Therefore, in accordance with one aspect of the invention, a wash arm hub is provided for use in a dishwasher to rotatably connect a wash arm to a fluid supply. The wash arm hub includes first and second hub members defining an internal channel for communicating fluid between the fluid supply and the wash arm; and a sealed bearing coupled between the first and second hub members for sealing the internal channel and permitting relative rotation between the first and second hub members.
In accordance with another aspect of the invention, a dishwasher is provided which includes a wash tank; a fluid supply means for supplying a wash fluid to the wash tank; a wash arm in fluid communication with the fluid supply means; and a wash arm hub. The wash arm hub includes first and second hub members, respectively mounted to the wash arm and the fluid supply means and defining an internal channel for communicating wash fluid between the fluid supply means and the wash arm; and a sealed bearing coupled between the first and second hub members for sealing the channel and permitting relative rotation between the first and second hub members.
These and other advantages and features which characterize the invention are set forth in the claims annexed hereto and forming a further part hereof. However, for a better understanding of the invention, and the advantages and objectives attained by its use, reference should be made to the drawing, and to the accompanying descriptive matter, in which there is described preferred embodiments of the invention.
FIG. 1 is an exploded cross-sectional view of a conventional sleeve bearing for use in a wash arm hub.
FIG. 2 is a cross-sectional view of a conventional roller bearing for use in a wash arm hub.
FIG. 3 is a side elevational view of a dishwasher including a preferred wash arm hub consistent with the present invention, with portions thereof cut away.
FIG. 4 is a side elevational view of the wash arm hub of FIG. 3.
FIG. 5 is an exploded perspective view of the wash arm hub of FIG. 3, with a portion of the sealed bearing used therein cut away for illustration.
Turning to the Drawing, wherein like numbers denote like parts throughout the several views, FIG. 3 shows a typical automatic dishwasher 10 which employs both upper and lower wash arms 20, 21. Consistent with the principles of the invention, wash arms 20, 21 are respectively supported by sealed wash arm hubs 30, 31. Hubs 30, 31 provide little rotational friction and allow wash arms 20, 21 to spin freely. Hubs 30, 31 also provide a fluid connection between fluid supply lines 32, 33 and wash arms 20, 21, respectively.

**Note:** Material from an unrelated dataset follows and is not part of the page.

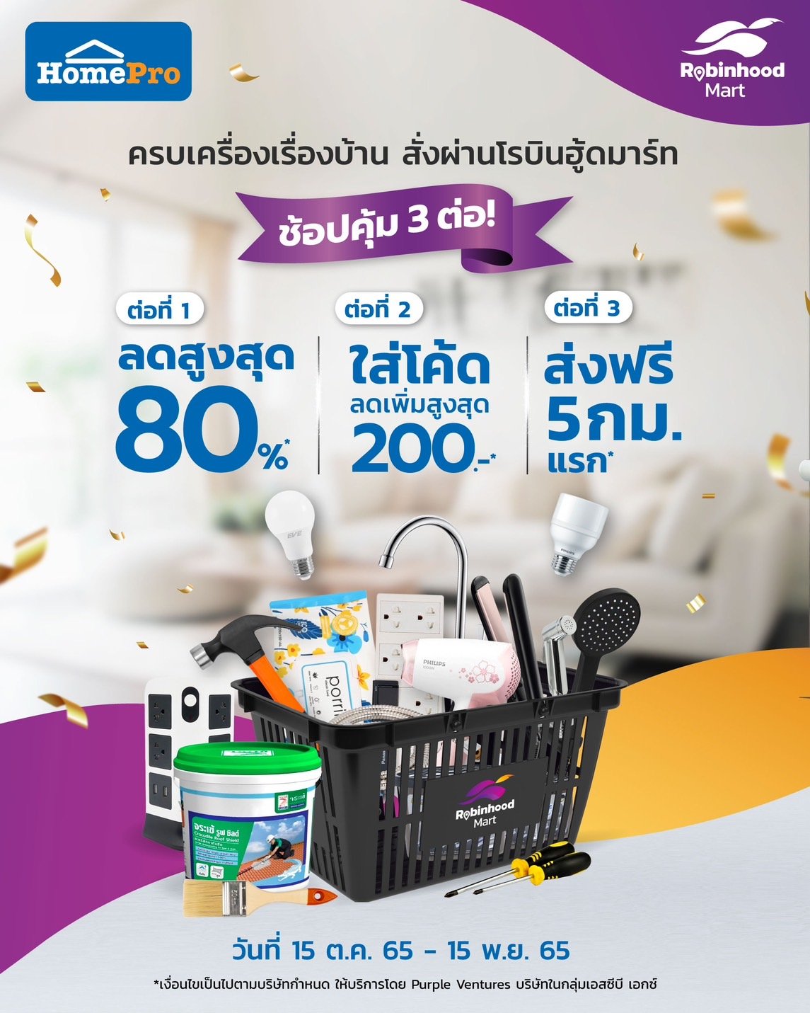 โดยโฮมโปรจะจัดสินค้าเรื่องบ้านครบทุกเซกเม้นต์รวมกว่า 1,000 รายการ ใส่ในโรบินฮู้ด มาร์ท (Robinhood Mart) เอาใจคนรักบ้าน ครบจบทุกเรื่องบ้าน เพื่อให้ลูกค้าสามารถสั่งสินค้าจาก "HomePro" ผ่าน "Robinhood Mart" ส่งไวไม่ต้องรอรอบ ผ่านแคมเปญ "ครบเครื่อง เรื่องบ้าน" พร้อมจัดโปรโมชั่นกระตุ้นตลาดด้วยส่วนลดสุดคุ้ม 3 ต่อ ต่อที่ 1 สินค้าราคาพิเศษ ลดสูงสุด 80% ต่อที่ 2 โค้ดส่วนลดสุดคุ้ม จ่ายเริ่มต้นเพียง 1 บาท หรือลดเพิ่มสูงสุดถึง 200 บาท และต่อที่ 3 ส่งฟรี 5 กิโลเมตรแรก เมื่อสั่งสินค้าจากสาขาที่เข้าร่วมรายการบน "Robinhood Mart" ตั้งแต่วันนี้ ถึงวันที่ 31 ตุลาคมนี้ เท่านั้น

Dishwasher 10 as shown is preferably a Model ES-2000 dishwasher available from Ecolab, Inc. The construction and function of this dishwasher is generally known in the art, and will not be discussed in great detail herein. Moreover, it will be appreciated that this dishwasher is shown for illustrative purposes only, as the principles of the invention may be applied to enumerable types and designs of dishwashers.

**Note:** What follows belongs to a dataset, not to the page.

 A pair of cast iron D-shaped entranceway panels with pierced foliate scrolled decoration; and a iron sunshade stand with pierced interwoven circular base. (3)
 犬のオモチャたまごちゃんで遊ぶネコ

Generally, dishwasher 10 includes a fluid supply means with a wash pump 35 coupled to fluid supply lines 32, 33 through a drain valve (not shown) which is movable between two positions to permit pump 35 to (1) recirculate wash fluid from wash tank 40 to the wash arms or (2) drain wash fluid from wash tank 40. A water inlet valve (not shown) is coupled to a water supply to provide water to wash tank 40, and a detergent and/or sanitizing agent supply (not shown) is also coupled to the water inlet valve to introduce an active agent such as detergent or sanitizing agent into the fluid supplied to the wash tank.
In operation, wash pump 35 supplies pressurized wash fluid through a fluid supply tube 33 to a wash manifold 34. Wash manifold 34 diverts a portion of the pressurized fluid to wash arm 21, with the remainder of the pressurized fluid supplied to manifold 36 of upper wash arm 20 through fluid supply tube 32. Wash manifolds 34, 36 therefore provide the mounting and support structure for hubs 30, 31. Also, in connecting the wash manifolds to wash arms 20, 21, hubs 30, 31 allow the pressurized wash fluid to pass from the wash manifolds to the wash arms without restriction, while the wash arms are permitted to freely rotate.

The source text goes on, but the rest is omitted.